Geforce GTX280 has 240 cores and 30 multiprocessors while GTX460 has 336 cores but only 7 multiprocessors. Obviously GTX460 has many times more cores per multiprocessor than GTX280, but why is it then that GTX460 can have only 50% more threads per multiprocessor than GTX280 can (GTX280’s 1024 threads/MP vs. GTX460’s 1536 threads/MP)? If you multiply the count of multiprocessors by the count of threads per multiprocessor, you get that GTX460 can have only 10752 concurrent threads while GTX280 can have almost three times that (30720 concurrent threads)?

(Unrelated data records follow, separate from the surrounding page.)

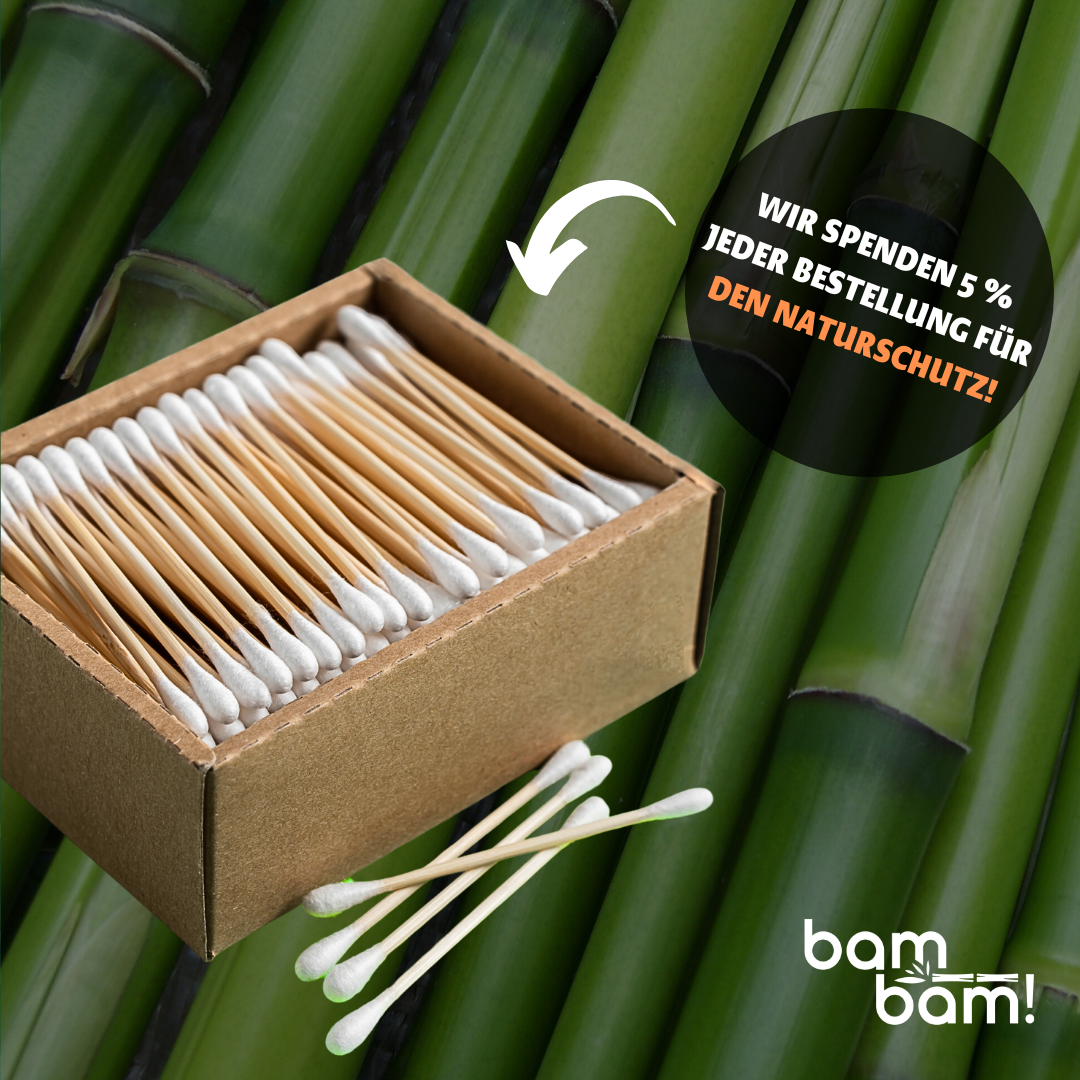 Papier-Wattestäbchen sind bereits eine viel bessere Wahl als solche aus Plastik. Doch auch hier gibt es Anbieter, die ihre Produkte nicht plastikfrei verpacken. Ausserdem finden wir: Für ein Produkt, das nur etwa eine Minute genutzt wird, lohnt es sich nicht, einen Baum zu fällen, der 60 Jahre zum Wachsen braucht. Deshalb setzen wir auf Bambus – ein extrem schnell wachsendes Gras.
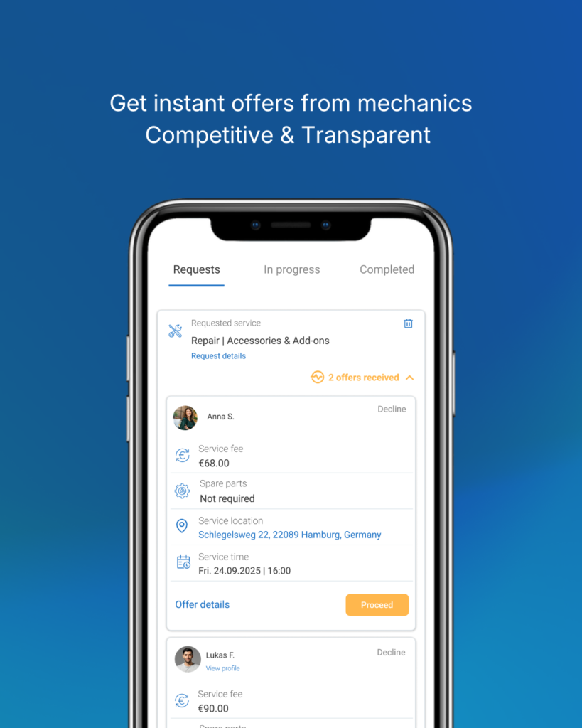 You can search for mechanics in your area using our app and view each mechanic’s profile, ratings, and service specialties. Once you find a mechanic you like, you can either send a direct request for a quote or, alternatively, post a general service request that multiple mechanics can review and respond to with their offers.
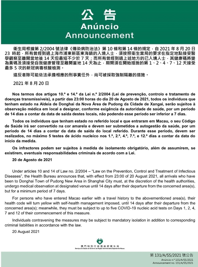 新型冠状病毒感染应变协调中心宣布,因应上海市的疫情变化,卫生局根据第2/2004号法律《传染病防治法》第10条和第14条的规定,自2021年8月20日晚上11时起,所有曾经到过上海市浦东新区东海镇的入境人士,须按照卫生当局的要求在指定地点接受医学观察至离开当地后14天但最短不少于7天;而所有曾经到过上述地方的已入境人士,其健康码将变为黄码及须接受自我健康管理至离开当地 14 天为止,期间须在开始措施的第 1、2、4、7、12 天接受最多 5 次的新冠病毒核酸检测。免费核酸检测预约连结为https://app.ssm.gov.mo/mandatoryrnatestbook。核酸检测结果不会上载至澳门健康码亦不可作为出入境用途。如需将核酸检测结果在澳门健康码显示,则须自费检测。
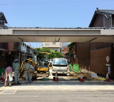 でも普通の駐輪場じゃ面白くない!上古町らしい楽しい駐輪場にしたい!と昨年から協議をしてきましたが、よくまとまらないまま工事が始まりました、どうなるんだろ。
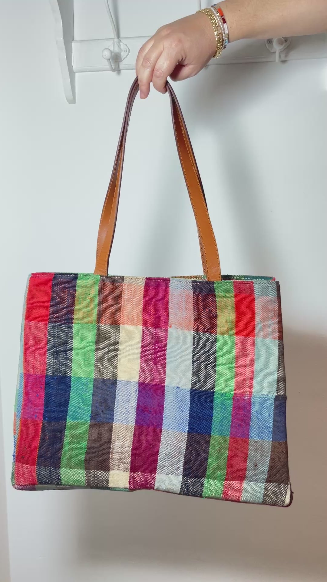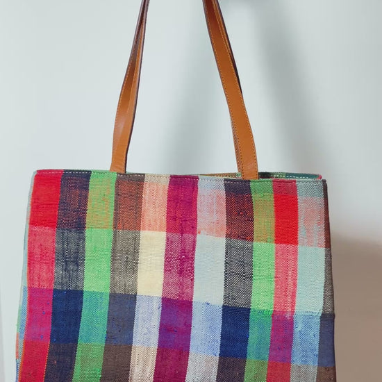 Confeccionado a partir de textiles reciclados y tejido a mano, cada bolso es una pieza irrepetible. Las asas están hechas con cuero natural tratado artesanalmente, lo que asegura durabilidad y comodidad.
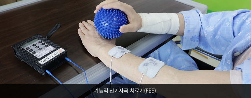 중추 신경계 손상과 근골격계 질환으로 인해 마비나 약화된 근육에 기능적 전기자극을 주어 신경근 재교육 및 위축과 경직을
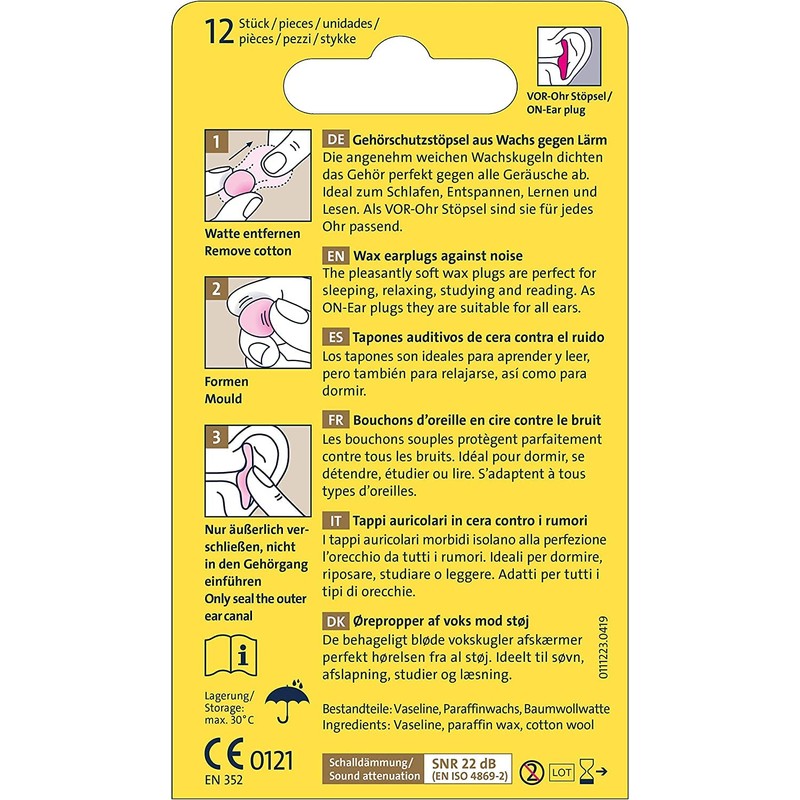 Ohropax Classic Wax Ear Plugs - Moldable Wax Ear Plugs for Sleep, Rest, Noise Reduction - 1 Pack (12 Ear Plugs)
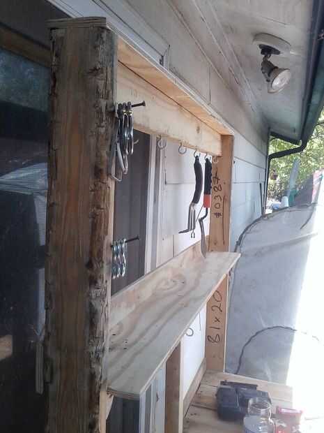 Añadido el estante superior para macetas más pequeñas. Añadido varios ganchos después de que sostenga las herramientas eléctricas más pequeñas.
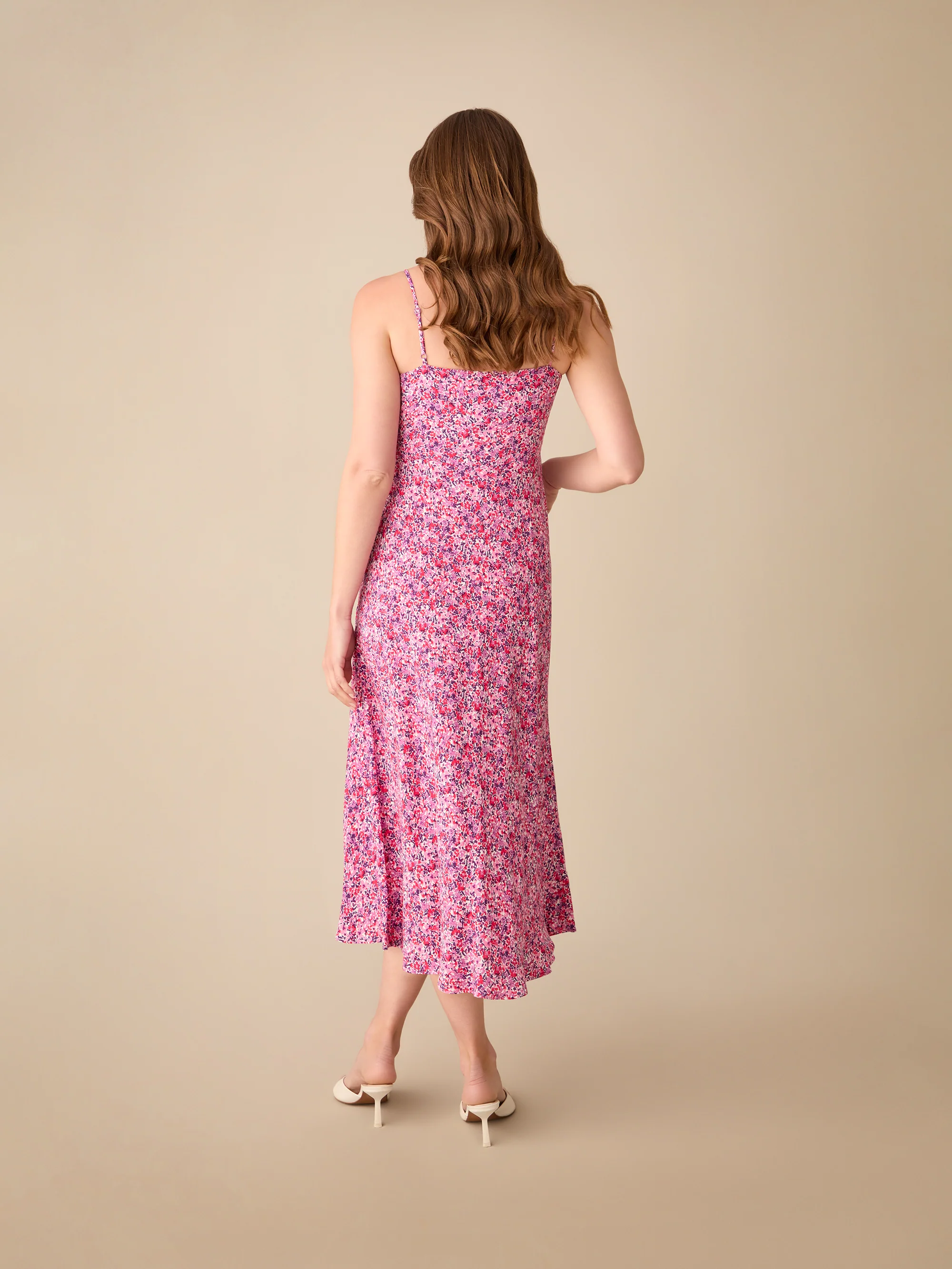 Petite Pink Ditsy Print Keyhole Front Midi Dress
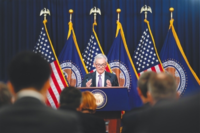 3月20日,美国联邦储备委员会主席鲍威尔在华盛顿出席记者会。新华社记者 刘杰 摄
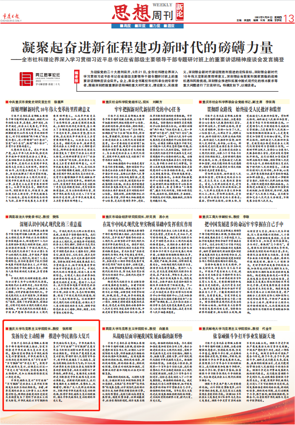 《重庆日报》思想周刊发专版,摘登9月21日召开的全市社科理论界深入学习贯彻习近平总书记在省部级主要领导干部专题研讨班上的重要讲话精神座谈会有关专家主要发言观点,张邦辉院长表示:在新时代新征程上,我们要发扬历史主动精神,乘势而上、砥砺前行,调动广大人民群众的积极性,不断开创中华民族伟大复兴的新局面,取得中华民族伟大复兴的新胜利,迎来中华民族伟大复兴的新的历史之变。
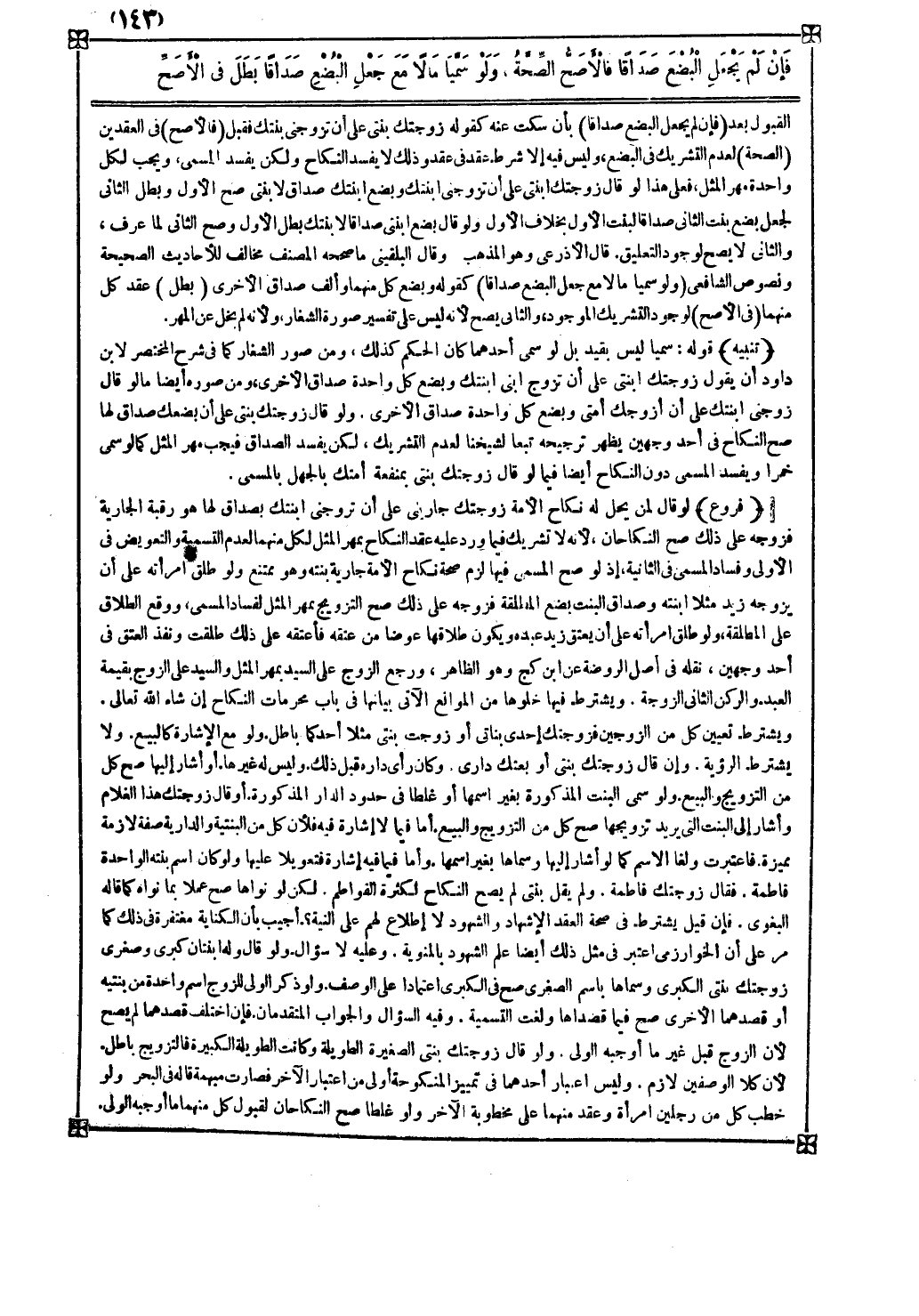 ويشترط تعيين كل من الزوجين ف زوجتك إحدى بناتي أو زوجت بنتي مثلا أحدكما باطل ولو مع الإشارة كالبيع ولا يشترط الرؤية
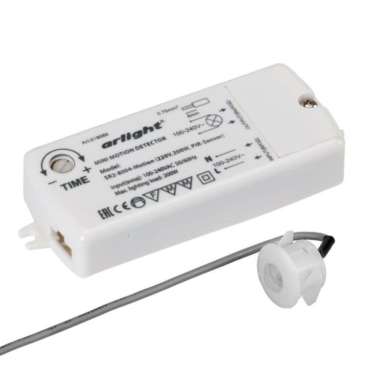 Датчик SR2-Motion (220V, 500W, PIR-Sensor) | 020223 Arlight - это бесконтактный ИК-выключатель ламп и освещения, который работает при напряжении 220 В. Он оснащен датчиком PIR, который реагирует на движение в радиусе до 2,5 метров. Когда датчик обнаруживает движение, он включает свет, а когда движения нет, он выключает его.
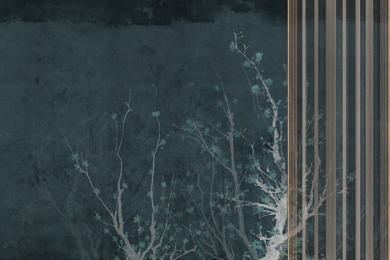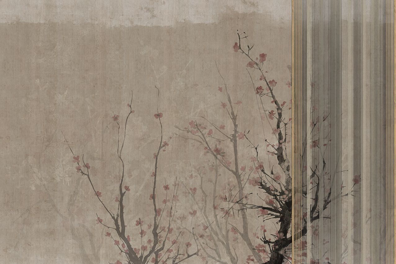 Infuse your space with the elegance of Eastern beauty through a mural featuring delicate plum blossoms and branches, layered over a textured backdrop that enhances its depth and richness. Vertical wooden lines, expertly placed according to the golden ratio, guide the eye and bring a harmonious balance to the scene. This design combines traditional Chinese aesthetics with modern precision, creating a refined, serene atmosphere perfect for adding cultural sophistication and natural elegance to any room.
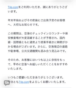 航空券を予約した会社からは出発前にこんなメールが来て3時間前に到着したほうがいいのか、悩みました。
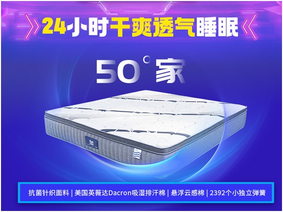 為此,湖南37年睡眠專家星港家居最新推出的50°家床墊,不僅增強了床墊的干爽透氣性,還能夠吸濕散熱,讓睡眠環(huán)境濕度長時間保持在適合人體體感舒適的層次。
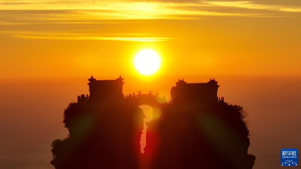 11月1日在貴州梵凈山國家級自然保護區拍攝的日出景觀(無人機照片)。
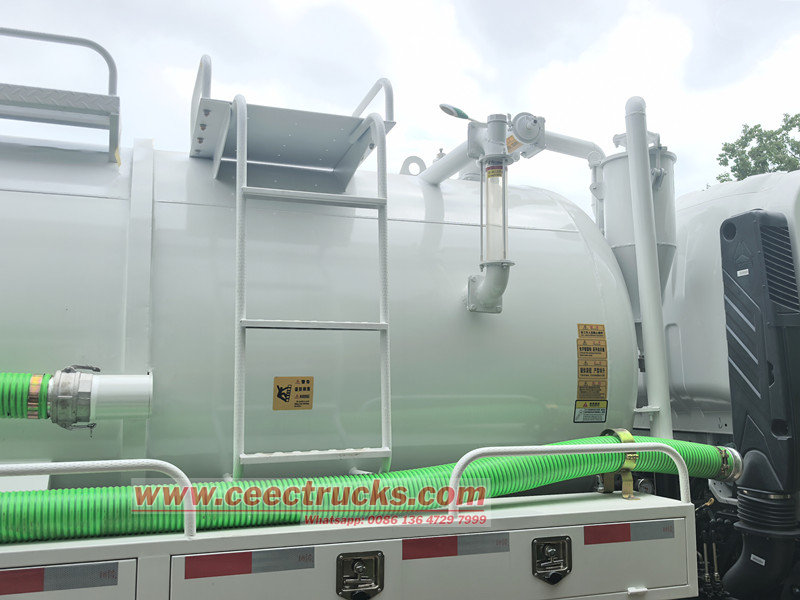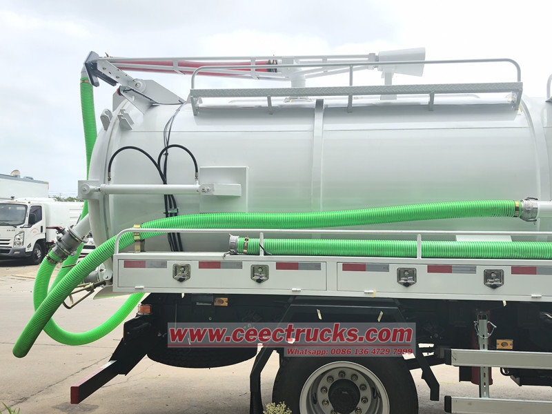 ➤ تم تجهيز الشاحنة بمضخة تفريغ عالية الأداء ومقياس ضغط التفريغ، مما يؤدي إلى توليد ضغط سلبي قوي بشكل مستمر لضمان شفط فعال.
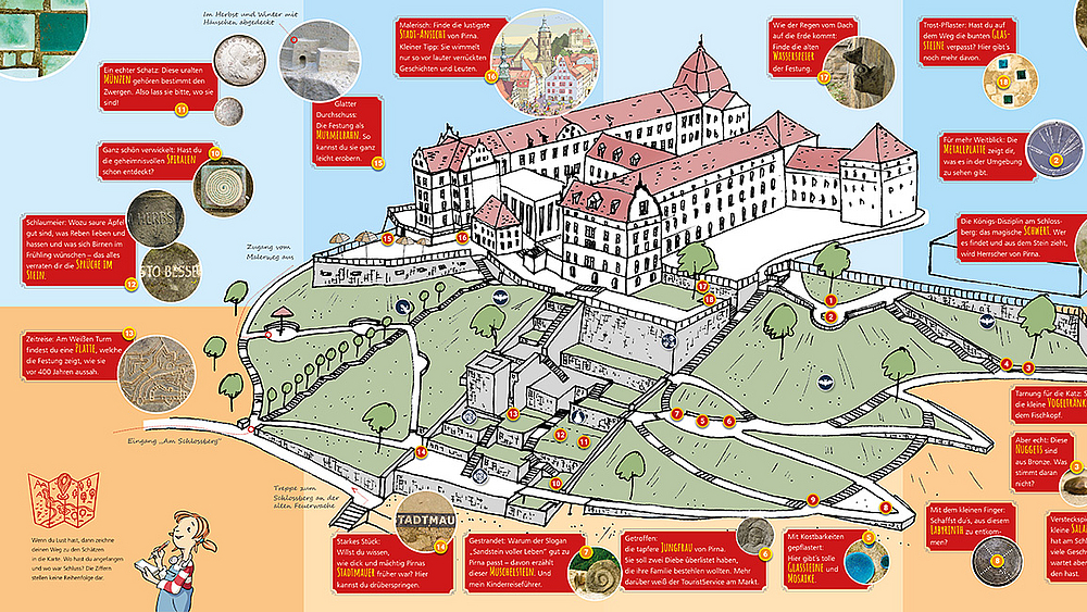 The flyer, which also acts as a treasure map and is available from Pirna’s Tourist Service, incorporates 18 small treasure points. It will guide you through the Terrassengärten (terrace gardens) and the renovated site on castle hill.

Have I understood something wrong or what is the problem?
GTX280 is a GT200 architecture GPU, whereas GTX 460 is a Fermi architecture GPU. Multiprocessors of different architectures are different, see the CUDA Programming Guide for details.
Yes, I understand that they are different, but is it true that you can have three times more concurrent threads on GTX280 than you can on GTX460? If it is, then doesn’t that make it also three times faster?
No. The maximum number of active or concurrent threads doesn’t say much, if anything, about the speed of the cards.
You’re correct on the number of concurrent threads on the two architectures. However, as avidday pointed out, the max number of concurrent threads is not an indicator of performance. Once you have enough threads to hide latency (where “enough” depends on the kernel), performance is a function of memory or instruction throughput.